**TASK PROMPT:** The following data is to be repeated exactly, its pictures excluded.

**AVAILABLE DATA:**

<<<<

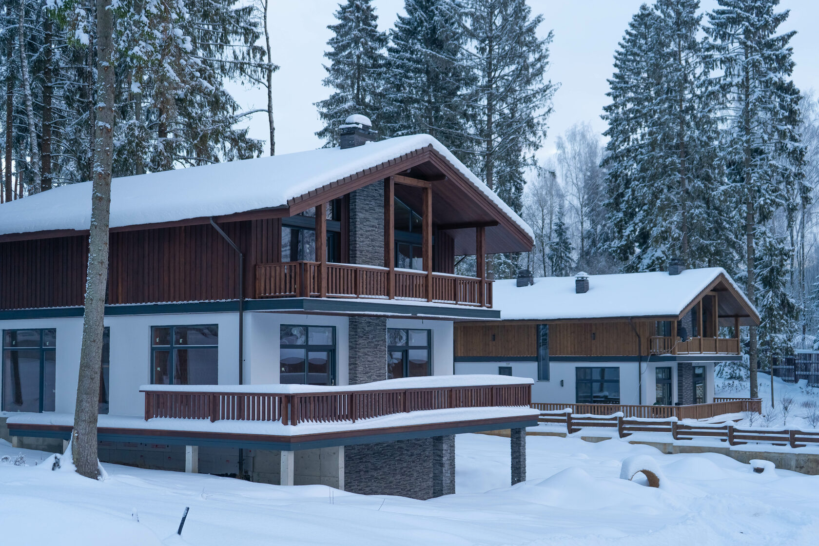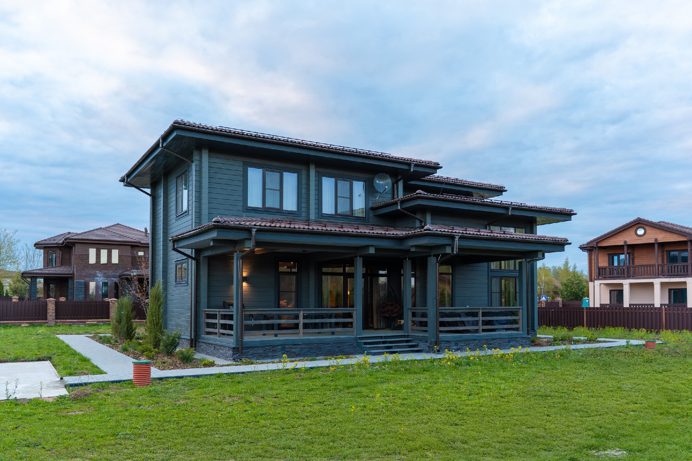 Появляется интерес к многоскатности и сложной геометрии крыш. Простые двускатные крыши уступают место проектам с большим количеством скатов, мансардными окнами, слуховыми окнами («люкарнами») и другими архитектурными элементами, которые делают облик дома сложнее и интереснее. Такие проекты можно встретить в элитных домовладениях, и стоимость возведения таких кровель кратно выше классических скатных крыш.
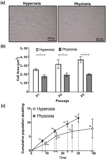 The typical MSC fibroblastic morphology was observed under both oxygen tensions, with MSCs cultured under physioxia appearing to be smaller (Figure 4a) [37]. Measurements of individual MSCs demonstrated that physioxic MSCs were significantly smaller than hyperoxic MSCs (p < 0.05; Figure 4b). Furthermore, hyperoxic MSCs increased their cell area with passage, whilst physioxic MSCs remained the same. An analysis of their cellular proliferation over four passages in culture, showed that physioxic culture resulted in greater MSCs numbers and significantly shorter population doubling times between passages relative to hyperoxia (* p < 0.05; Figure 4c). In the case of hyperoxic MSCs, there was a cessation of cell growth after approximately 30 days in culture in the majority of donors, whereas physioxic MSCs continued to expand at the same rate for all donors (Figure 4c).
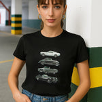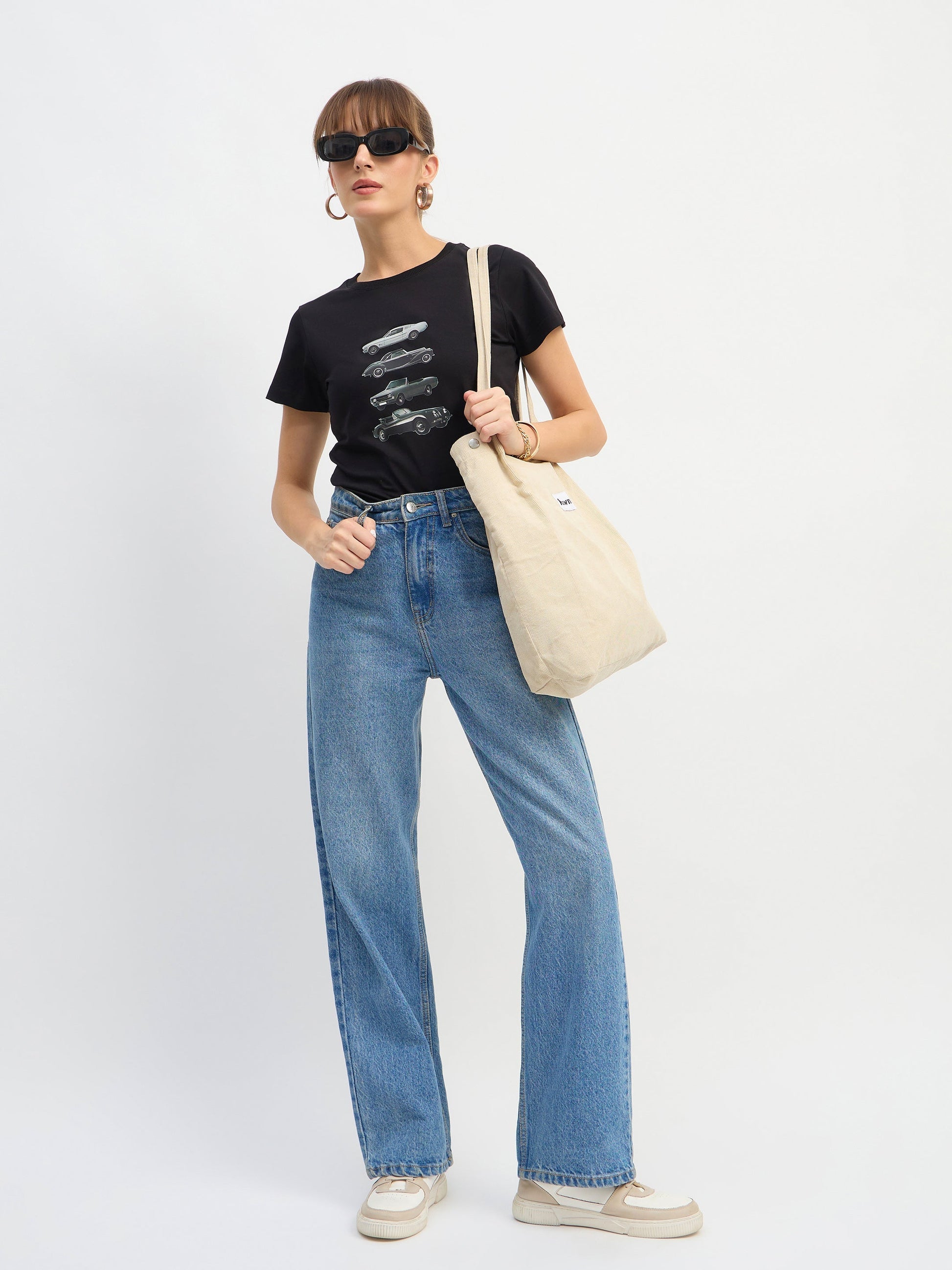 Black CAR Print Lycra T-Shirt, in Cotton Jersey fabric, Unlined, Crop Length, Slim Fit, NA, Straight Hemline and features Rib At Neck

>>>>

**TASK ANSWER:**
 Появляется интерес к многоскатности и сложной геометрии крыш. Простые двускатные крыши уступают место проектам с большим количеством скатов, мансардными окнами, слуховыми окнами («люкарнами») и другими архитектурными элементами, которые делают облик дома сложнее и интереснее. Такие проекты можно встретить в элитных домовладениях, и стоимость возведения таких кровель кратно выше классических скатных крыш.
 The typical MSC fibroblastic morphology was observed under both oxygen tensions, with MSCs cultured under physioxia appearing to be smaller (Figure 4a) [37]. Measurements of individual MSCs demonstrated that physioxic MSCs were significantly smaller than hyperoxic MSCs (p < 0.05; Figure 4b). Furthermore, hyperoxic MSCs increased their cell area with passage, whilst physioxic MSCs remained the same. An analysis of their cellular proliferation over four passages in culture, showed that physioxic culture resulted in greater MSCs numbers and significantly shorter population doubling times between passages relative to hyperoxia (* p < 0.05; Figure 4c). In the case of hyperoxic MSCs, there was a cessation of cell growth after approximately 30 days in culture in the majority of donors, whereas physioxic MSCs continued to expand at the same rate for all donors (Figure 4c).
 Black CAR Print Lycra T-Shirt, in Cotton Jersey fabric, Unlined, Crop Length, Slim Fit, NA, Straight Hemline and features Rib At Neck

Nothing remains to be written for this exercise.